By that I mean that I think people often mean both. Some projects are
obviously hackathon-like projects that were done in (something close to) a
single weekend.

Others probably took on the order of 4 days to a few weeks cobbled together
over weekends. I worked on [http://lifestyle.io/](http://lifestyle.io/) for
probably about 5 days total before launching it, and I've given it additional
love since.

I wouldn't get hung up on what you can get done in a weekend anyway. Focus on
creating real value with what you do if you're intending to profit. (Hint:
many of these weekend projects forget that part entirely!) If you just want to
have fun, then you definitely don't need to worry about timescales.

------
caw
I'm really curious about the t-shirt project being a "micro-project". When I
heard micro-project, I thought a couple of weekends of working, small niche
market, and mostly electronic based.
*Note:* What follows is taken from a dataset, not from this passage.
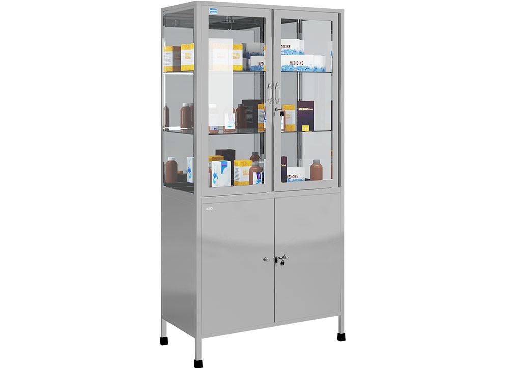 Tủ đề đồ y tế bằng Inox 201, tủ được chia làm 2 khoang gồm: Khoang trên khung kính có 2 cánh kính mở và 2 đợt kính cố định, khoang dưới gồm 2 cánh mở và được chia làm 2 ngăn nhỏ.
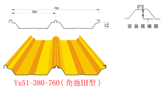 YX51-380-760型(角弛)彩色壓型鋼板特點(diǎn):

Teelaunch seems to require a large
physical component (t-shirt printing and distribution). Even if you print on
demand there's still a lot of work to be done there and high capital
expenditure.

------
soulcutter
I feel getting the right kind of feedback, or the right kind of information is
the trick. How much value do you get from the various quantitative approaches
you took? What just felt like navel-gazing?

------
gailees
I love this type of shipping mentality. How do you think hackathons could play
into this?